At the height of the war Arens was sent to Washington to meet with President Bush. In a 21-year-old news account that could actually describe Prime Minister Netanyahu’s meetings in Washington last week, The New York Times wrote:
An administration official said Arens seemed to be “laying the groundwork if the Israelis decide to retaliate…”
The administration official said that in the talks with Bush, Arens “didn’t say absolutely that the Israelis were going to retaliate. But he didn’t say they were not, either… He made a very emotional presentation, though.”
Prime Minister Netanyahu has stressed that the difference between Germany’s genocide against the Jews in World War II and the Iranian threats against Israel today is the existence of Israel and its army, which protects the Jewish people of Israel.

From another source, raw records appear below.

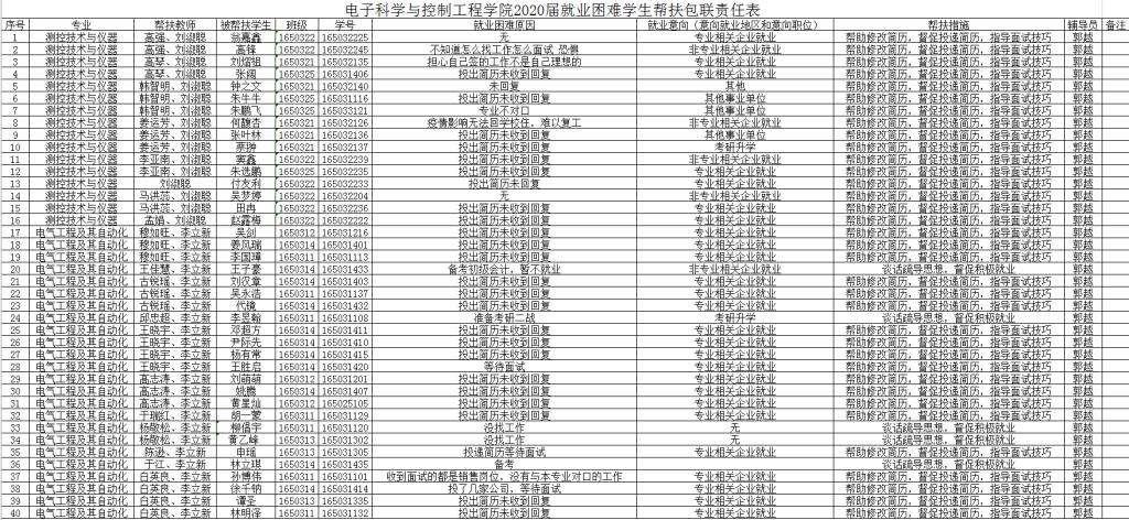 电气工程及其自动化专业教研室325日通过毕业生钉钉群对未就业学生的具体原因和面临的现实困难进行了详细调查。326日召开专业全体教师钉钉视频会议,电气专业全体毕业设计指导教师共19人参加了会议,会议传达了学院就业工作领导小组会议精神和《电子科学与控制工程学院2020年就业工作实施方案》,介绍了电气专业毕业生的就业现状,动员全体指导老师帮助学生梳理就业方向,指导简历设计和面试技巧。331日,依据毕业设计安排对学生实际就业现状进行了再次摸底调查,确定了就业困难人员,并有针对性的制定了帮扶计划,明确了一对一的包联责任老师。49日再次召开全体毕设指导老师钉钉视频会议,跟进未就业学生的帮扶计划,更新就业数据,对学生就业帮扶过程中的遇到的困难和问题共同商讨研究了解决方案。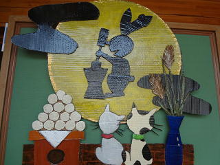 日本ならではの十五夜・・・。お供え物をして、みんなで楽しんでいますね。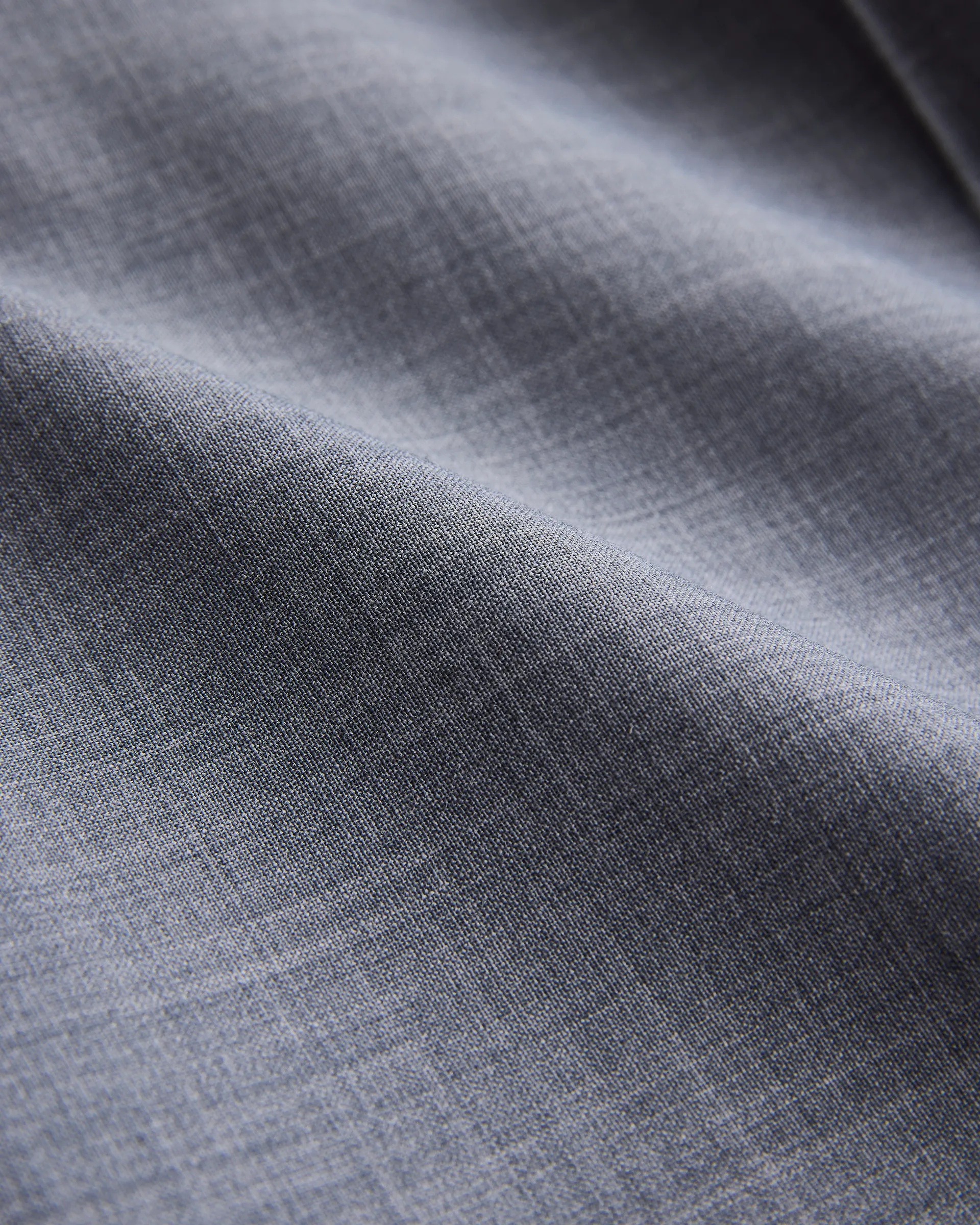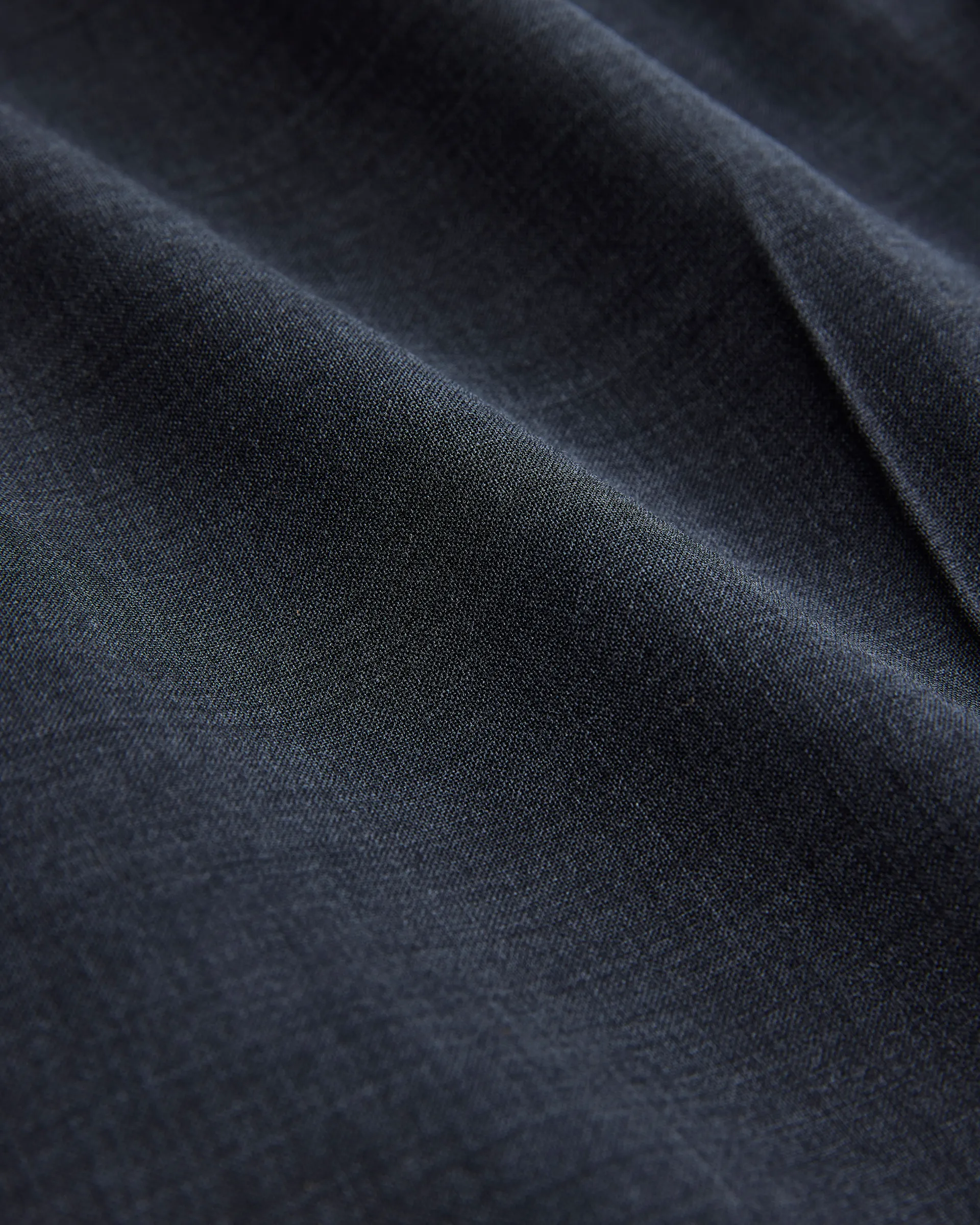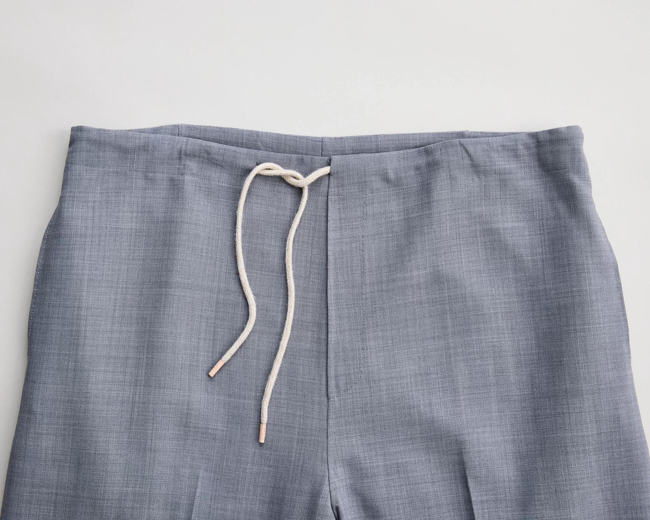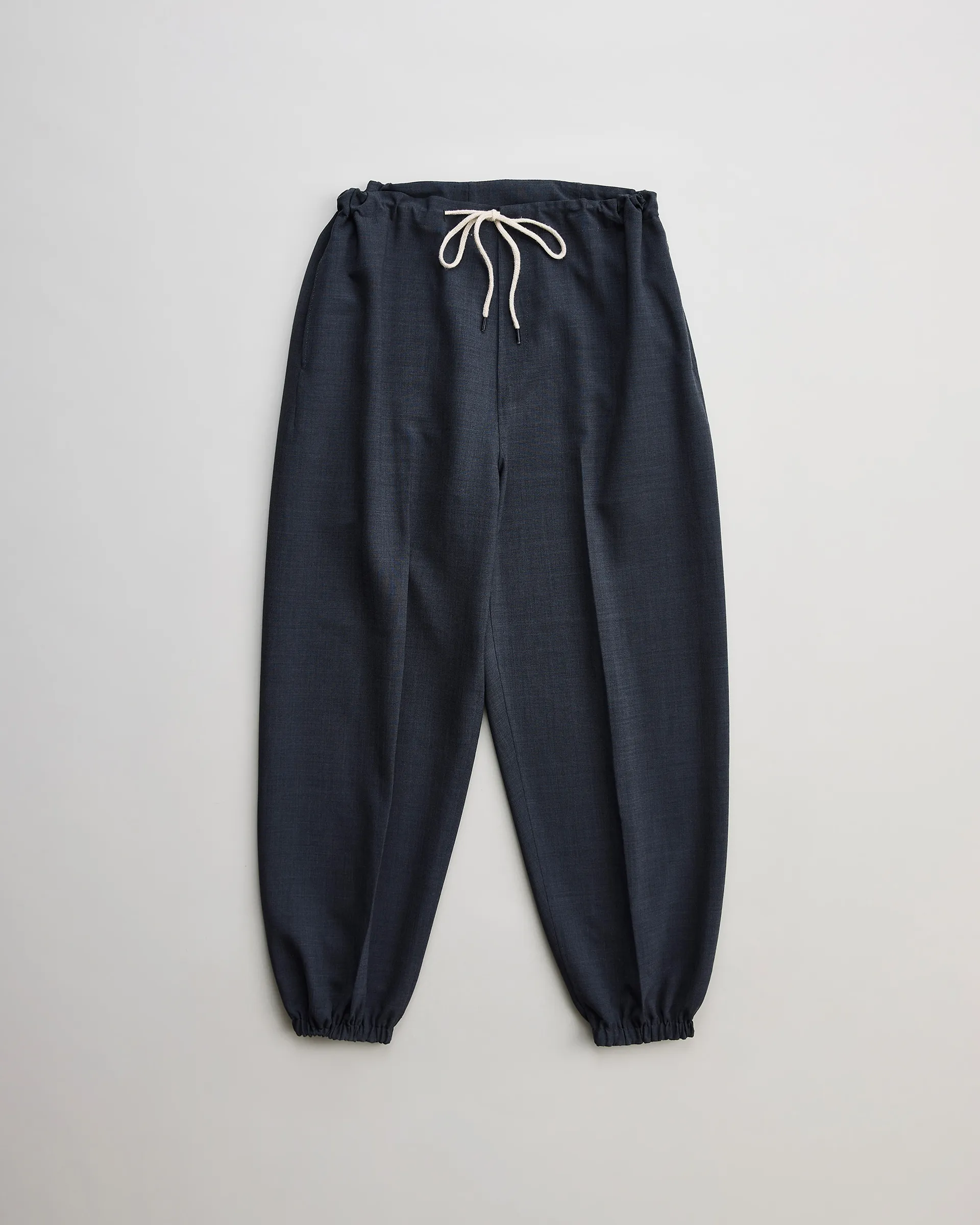 極細サイロスパンポリエステル/ウール糸を平二重織で製織した生地で構築したイージートラウザー。1960年代〜1970年代のスポーツスウェットトラウザーをリファレンスとし、ドレスやクチュールや90年代ストリートカルチャー要素を取り入れた新たなアプローチで製作。二重織による膨らみ感に加え、縦横に伸びる2WAY機能性が快適な着用感と上品なドレープを両立。ヴィンテージスウェットを想起させる杢調の色合いも特徴的な表情です。縫製は毛抜き合わせによるリバー仕立てを採用し、表裏ともに縫い代の出ないクリーンな仕上がりを実現しています。

True enough, but the 1991 trauma of the United States minimizing Saddam Hussein’s threat against Israel and denying Israel the right to defend itself gnaws at the psyche of Israelis alive today. Israel was pressured and acceded to the demand that we do not have a right to defend ourselves. We and our children ourselves – not as descendants of Holocaust survivors – experienced the terror of the sirens, atropine injectors and gas masks of the destructive Scud barrages while the United States in effect told us “sha shtil yidim” (Jews, sit still).
Maybe Netanyahu was being polite to his American hosts who remember 1991 differently or choose to ignore it. But maybe that 1991 experience makes it a little easier to understand Israelis’ discomfort when our best friend and ally says “trust us.”